I'm trying not to just copy-paste the code from the original notebooks, so I'm running into a lot of "design" questions. For example, how should we track the losses? we need to differentiate validation and training, we need to normalize by batch size...

Updated version:

class Learner:
  def __init__(self, model, dls, loss_f, lr, opt_func=optim.SGD): fc.store_attr()

  def one_batch(self):
    self.xb, self.yb = to_device(self.batch)
    self.preds = model(self.xb)
    self.loss = self.loss_f(self.preds, self.yb)
    if self.model.training:
      self.loss.backward()
      self.opt.step()
      self.opt.zero_grad()
    with torch.no_grad(): self.calc_stats()

  def calc_stats(self):
    acc = (self.preds.argmax(dim=1)==self.yb).float().sum()
    self.accs.append(acc)
    n = len(self.xb)
    self.losses.append(self.loss*n)
    self.ns.append(n)

  def one_epoch(self, train):
    self.model.training = train
    dl = self.dls.train if train else self.dls.valid
    for self.i, self.batch in enumerate(self.dls.train):
      self.one_batch()
    n = sum(self.ns)
    print(self.epoch, self.model.training, sum(self.losses).item()/n, sum(self.accs).item()/n)

  def fit(self, n_epochs):
    self.losses = []
    self.model.to(def_device)
    self.ns = []
    self.accs = []
    self.opt = self.opt_func(model.parameters(), lr=lr)
    for self.epoch in range(n_epochs):
      self.one_epoch(True)
      with torch.no_grad(): self.one_epoch(False)
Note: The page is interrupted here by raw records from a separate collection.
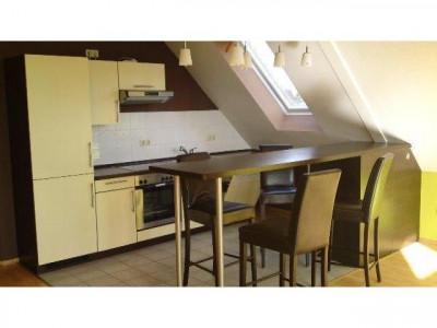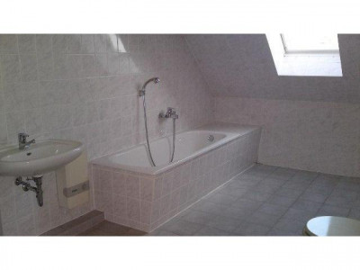 Helle und attraktiv geschnittene 2 Zimmer Wohnung im Dachgeschoß eines Mehrfamilienhauses, Diele, teglichthelles Badezimmer mit Wanne / Dusche / WM-Anschluß / Waschtisch und WC gefliest, das große Wohnzimmer (ca. gesamt 25 m²) teilt sich in Wohn- und Kochbereich und bietet durch die großen Fenster einen schönen hellen Raum, Schlafzimmer ca. 12 m², zur Wohnung gehört ein Abstellraum, der Garten wird gemeinschaftlich genutzt ebenso wie die Stellplätze auf dem Grundstück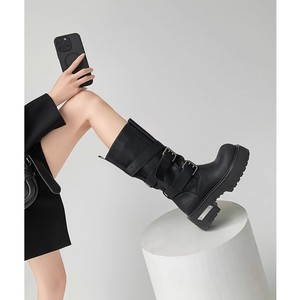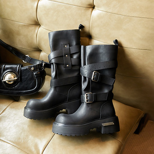 【王小毒】毒液靴●增高6cm~朋克机车靴女粗跟复古中筒西部骑士靴
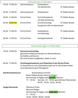 | 18:00 Uhr | Kirche Prohn, Gründonnerstag, liturgischer GD mit Abendmahl, Pf. Stefan Busse |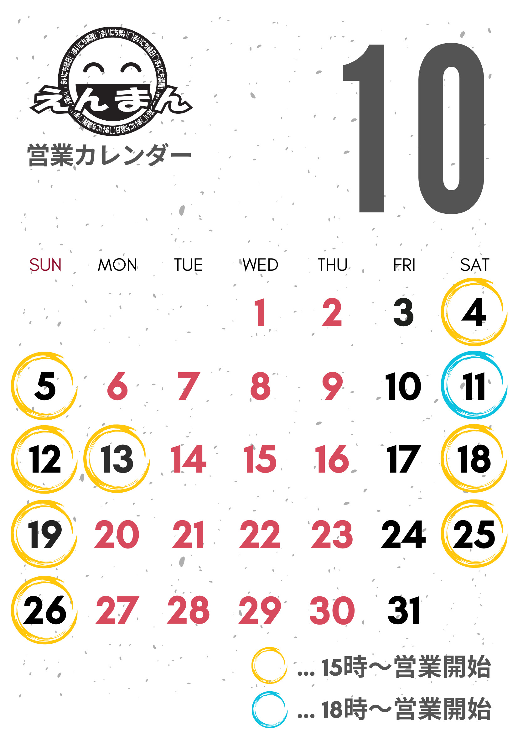 【えんまん】から休業のお知らせです。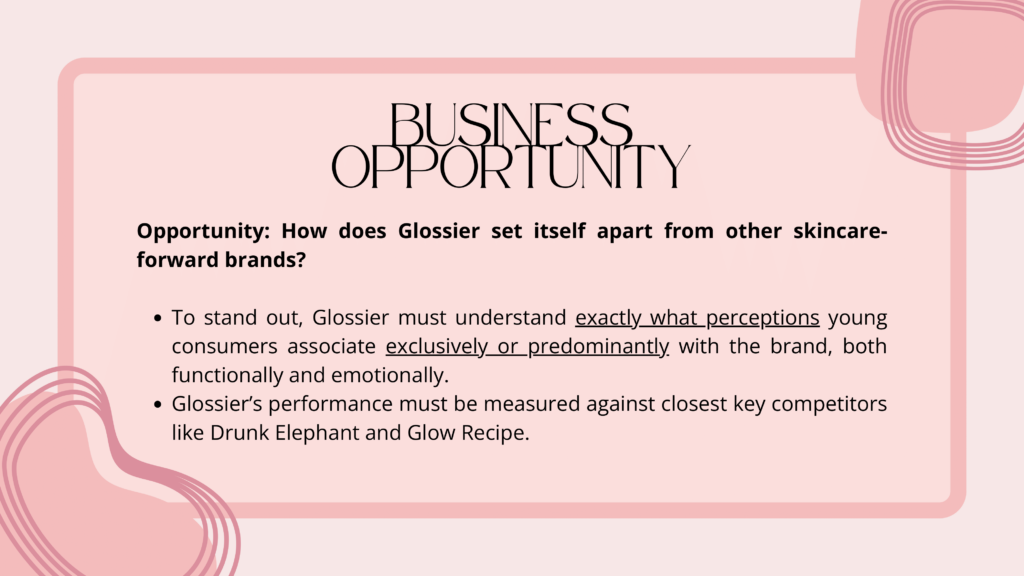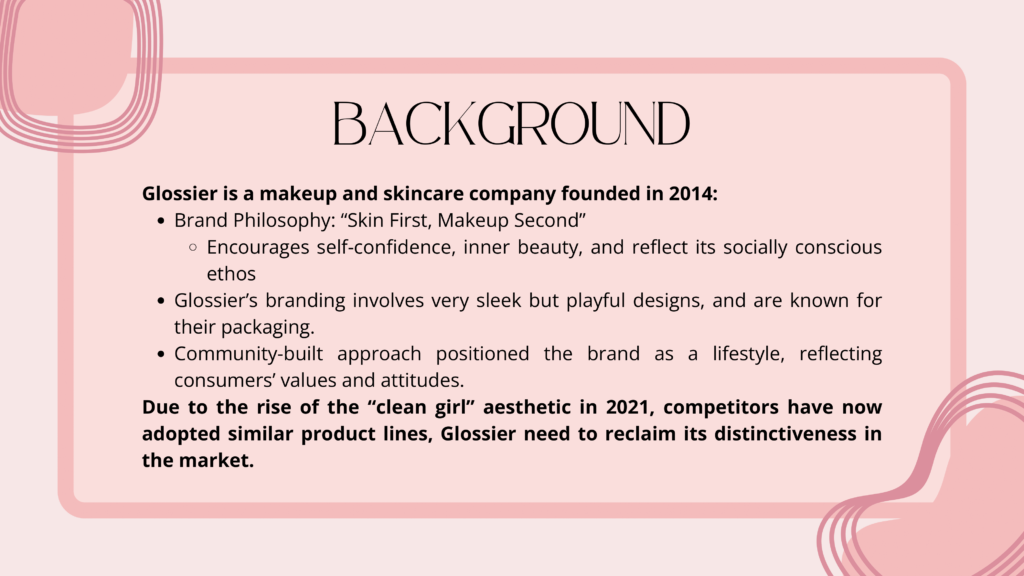 Glossier built its name on minimal, skincare-first beauty, winning over millennial women. However, as the ‘clean girl aesthetic’ rose among Gen Z, competitors introduced similar products, making Glossier less distinct. To help reclaim its edge, my partner and I designed a questionnaire to gather insights, leading to an advertising campaign that repositions Glossier as must-have brand in four relatable occasions.

This is now pretty much aligned with the first version in the notebook. What did we change? - everything is basically a state variable: the batch, even the input and label of the batch, the loss, the preds. - train/validation logic: one_batch performs backprop only when model is set to training. - handles device moving - calc_stats function does all that stat tracking. keeps track of sums, when printing it calculates the weighted mean (weighted by the batch size) - I notice now that every epoch includes previous epochs' losses and accuracies. This is not intended behavior, right?
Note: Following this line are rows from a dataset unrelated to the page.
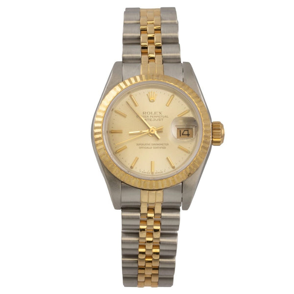 Rolex DateJust 69173 18k Yellow Gold & Stainless Silver Dial 26mm Ladies Watch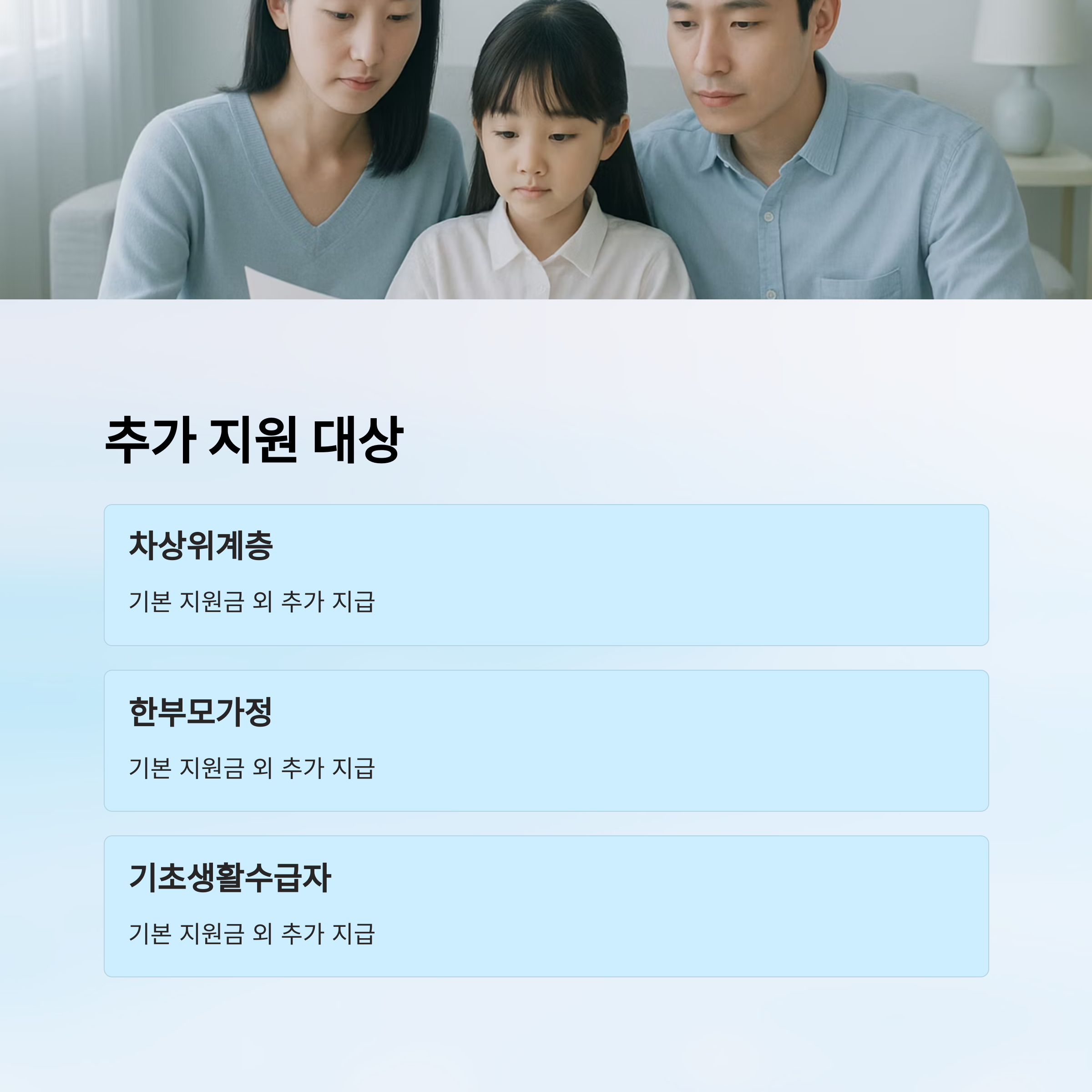 - 추가 지원 대상: 차상위계층, 한부모가정, 기초생활수급자에게는 별도 추가 지급
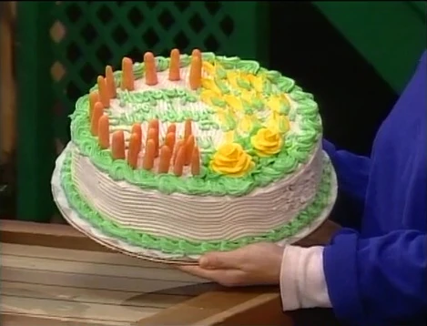 SCENE 6 | Benny notices Stinky, Gina, Big Bird, and the kids gathered in the yard when his watch beeps, which means he has to get back to the hotel. He wonders out loud if there is a surprise waiting to happen. Gina does have something to say, and Benny thinks he beat her to it, but instead she announces the sponsors as the closing theme music plays. Benny suddenly feels sad that it's time to say goodbye when Gina and the rest of them yell out "SURPRISE!" Benny acts like he knew all along that they were going to surprise him, but he becomes enticed by the 24-carrot cake Gina presents. |

There are some problems with our learner: first of all, the task I test on is regression, so it makes no sense to calculate accuracy, and what if we are doing autoencoding or another task without labels. Also, everything is hardcoded, so it's not easy to change stuff without creating copies.

Our next step will be to start moving things into callbacks. This will allow us to modularize some of the code.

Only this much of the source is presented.